◆ PROBLEM TO WORK ON
For this exercise, output exactly the lines from the opening line of the listing through the line with "Rio, c’est ce", skipping pictures.

◆ SOURCE MATERIAL
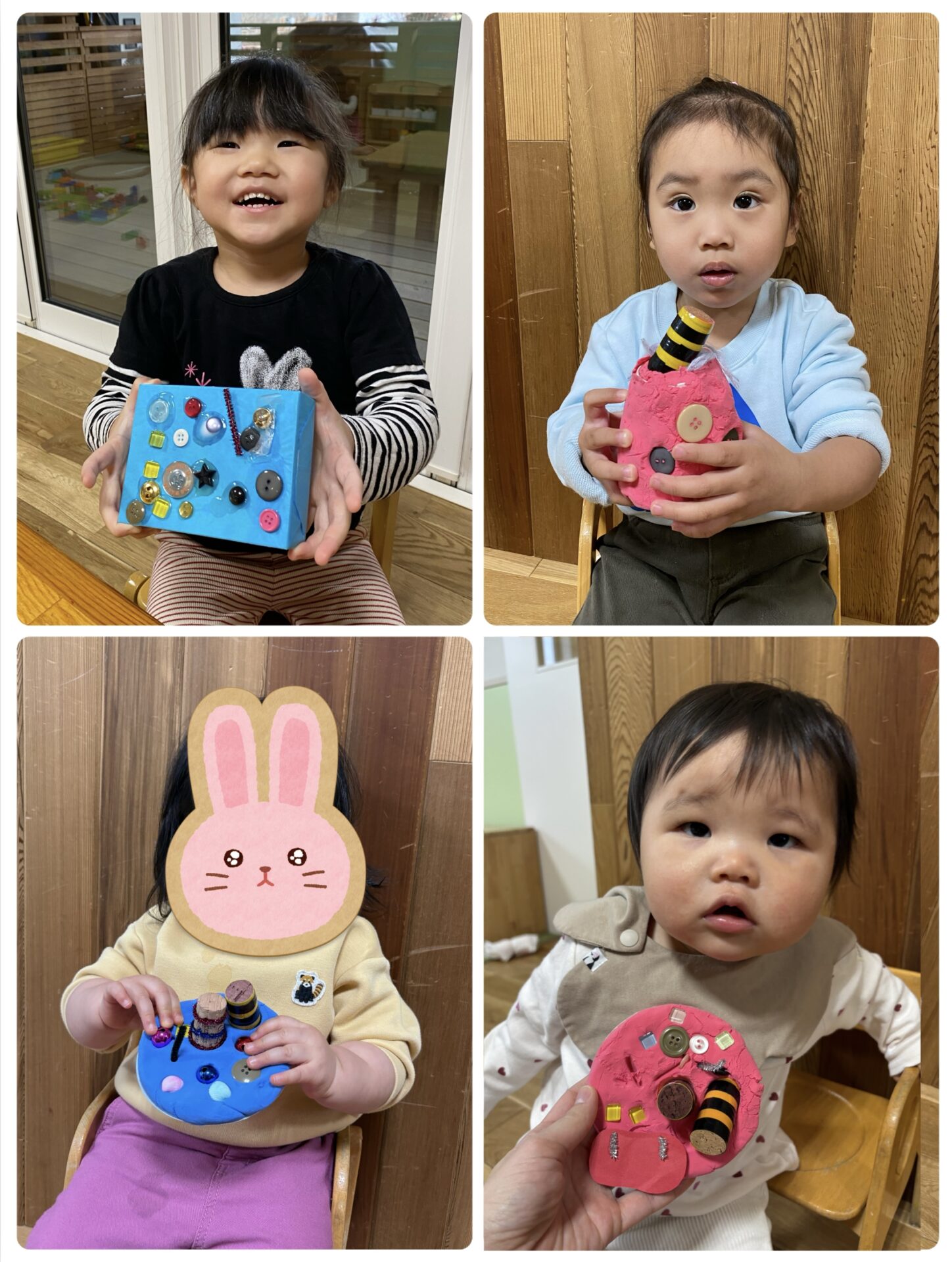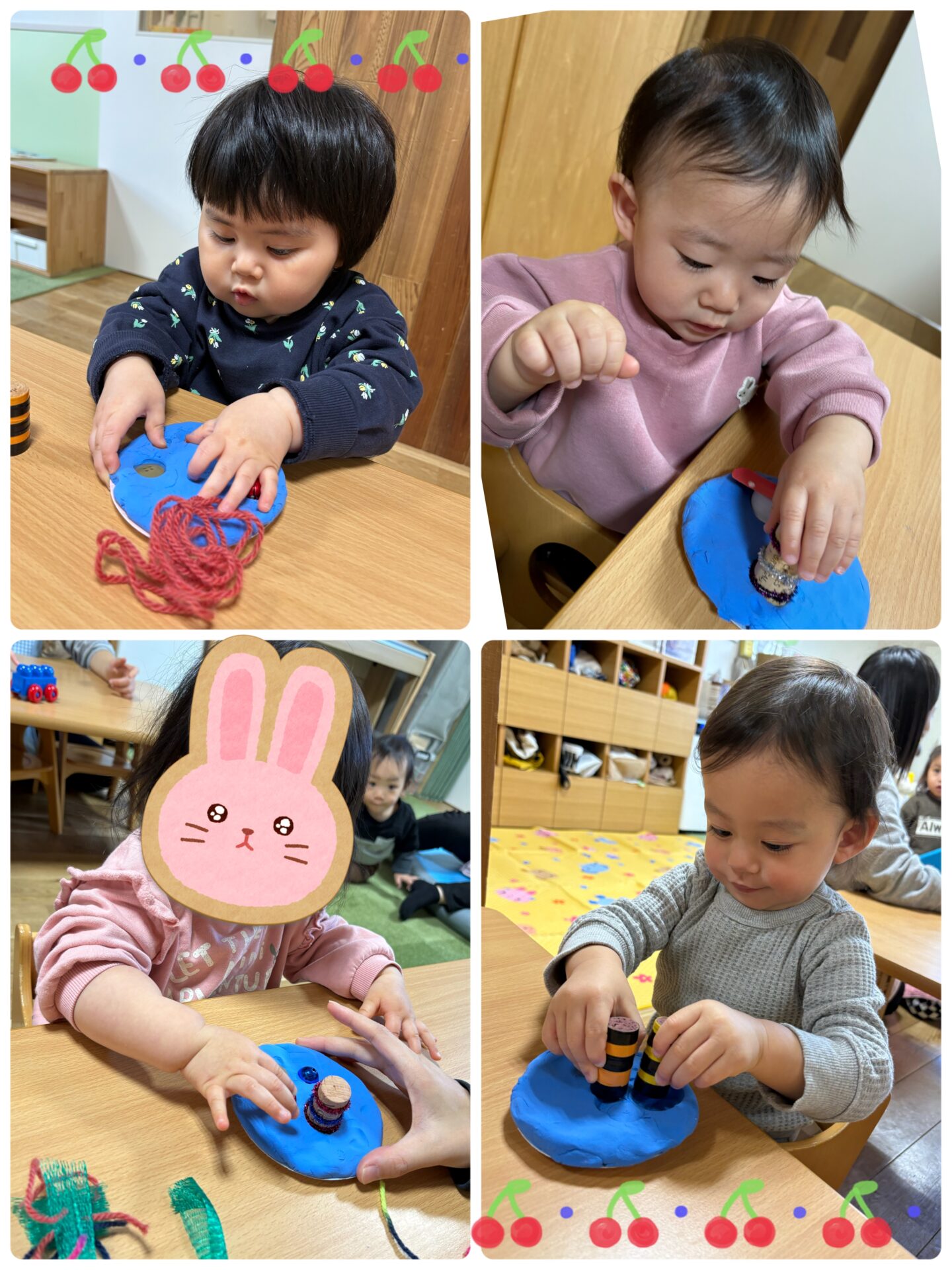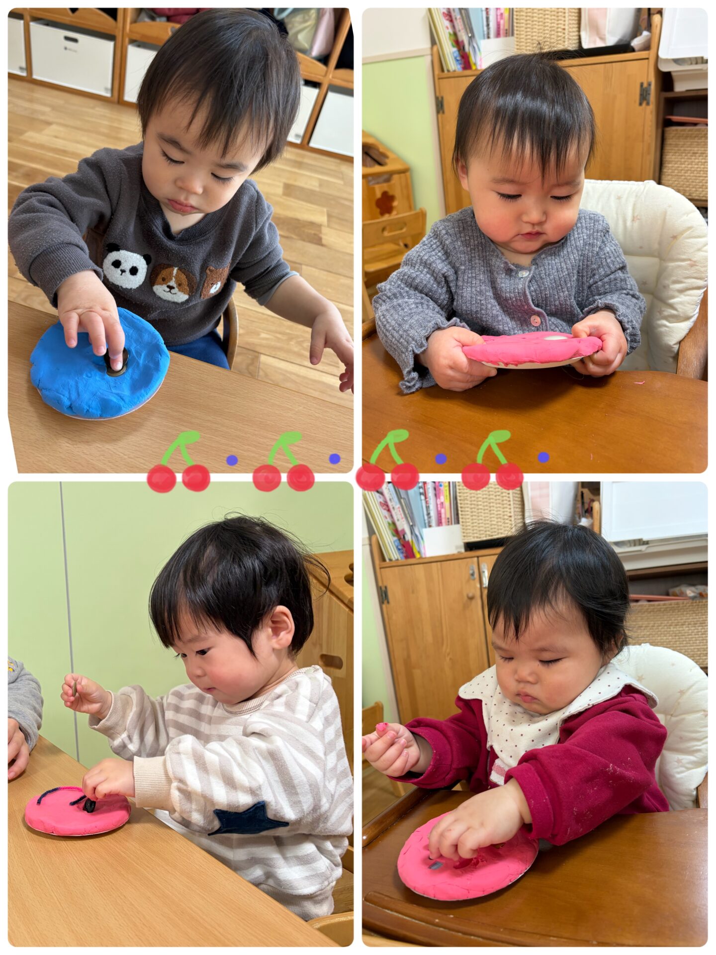 0歳さんは、紙粘土、パーツの感触を楽しみながら制作していきましたよ😀
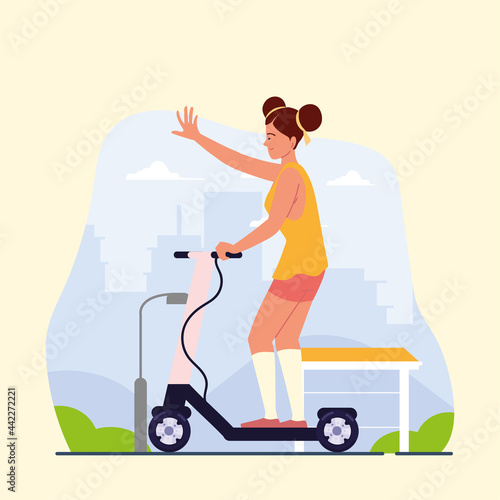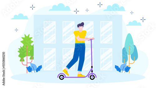 Мальчик-конькобежец в парке на скейтборде и роликах. Скейт-спорт и городской образ жизни векторная концепция иллюстрации. Человек на коньках. Шаблон дизайна веб-сайта.
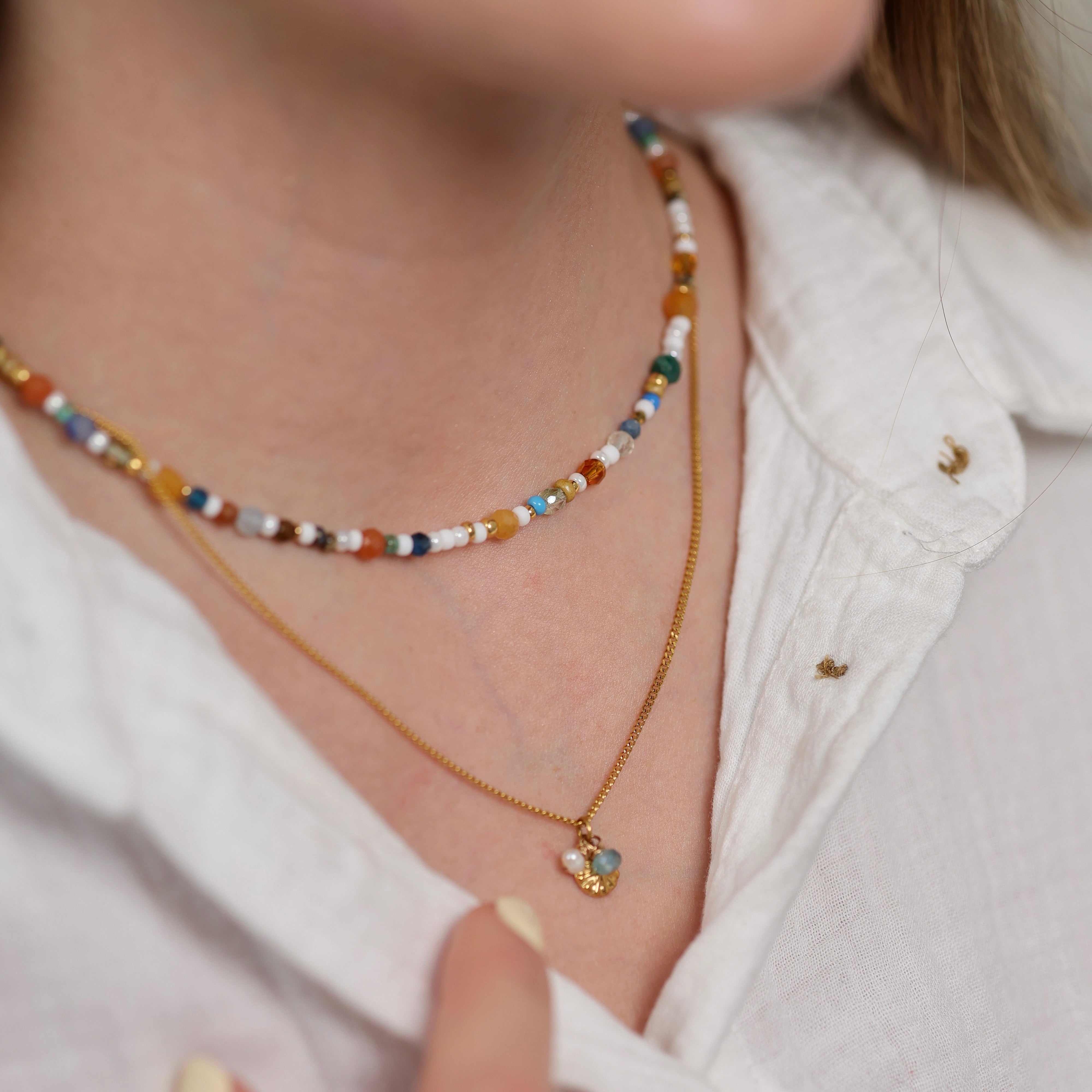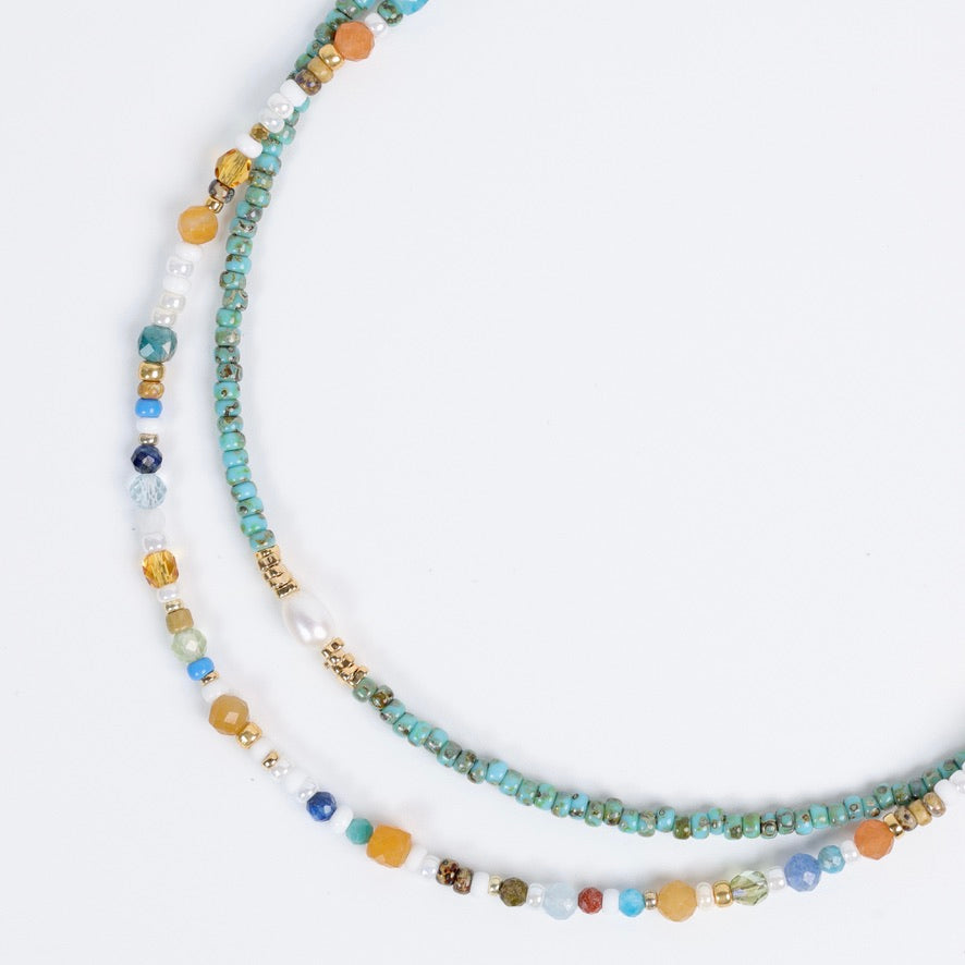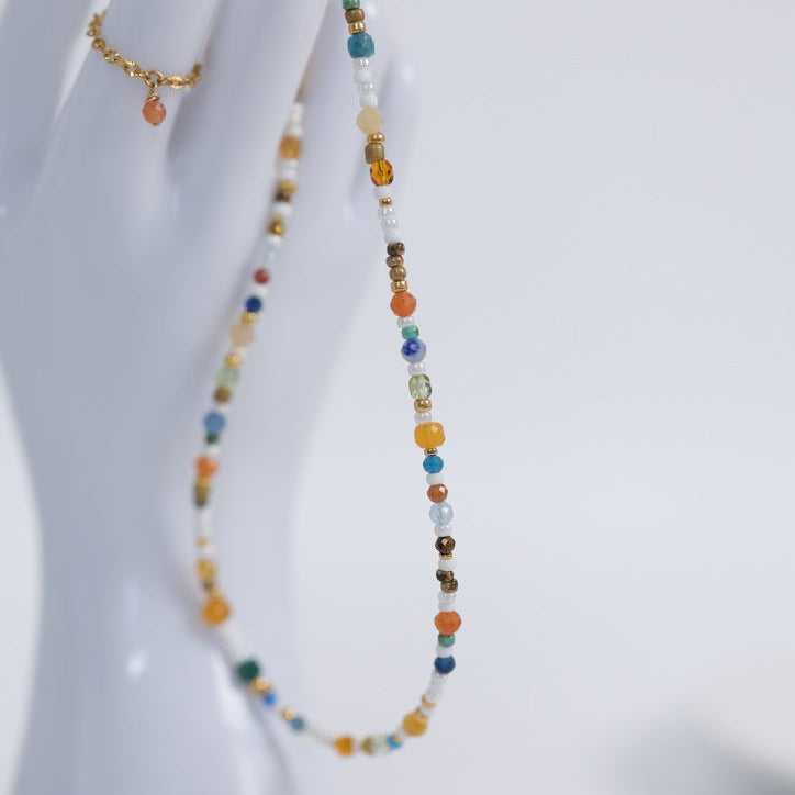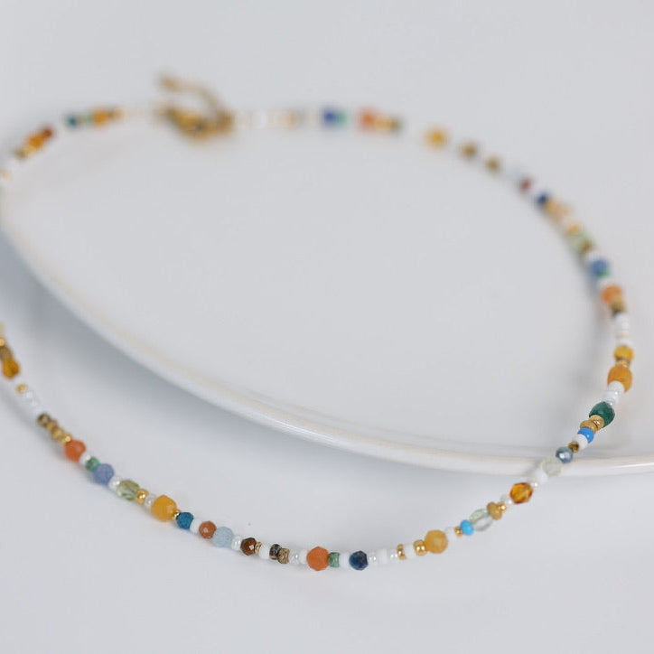 Rio, c’est ce petit collier facile à aimer, rempli de pierres naturelles aux nuances vibrantes, parfait seul ou en superposition avec d’autres colliers de la collection.
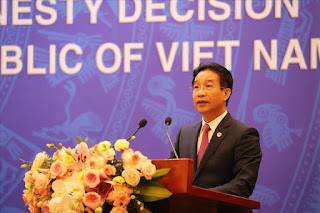 Tại buổi họp báo, Phó Chủ nhiệm Văn phòng Chủ tịch nước Phạm Thanh Hà công bố quyết định đặc xá của Chủ tịch nước Nguyễn Xuân Phúc.

◆ TASK OUTPUT
 0歳さんは、紙粘土、パーツの感触を楽しみながら制作していきましたよ😀
 Мальчик-конькобежец в парке на скейтборде и роликах. Скейт-спорт и городской образ жизни векторная концепция иллюстрации. Человек на коньках. Шаблон дизайна веб-сайта.
 Rio, c’est ce petit collier facile à aimer, rempli de pierres naturelles aux nuances vibrantes, parfait seul ou en superposition avec d’autres colliers de la collection.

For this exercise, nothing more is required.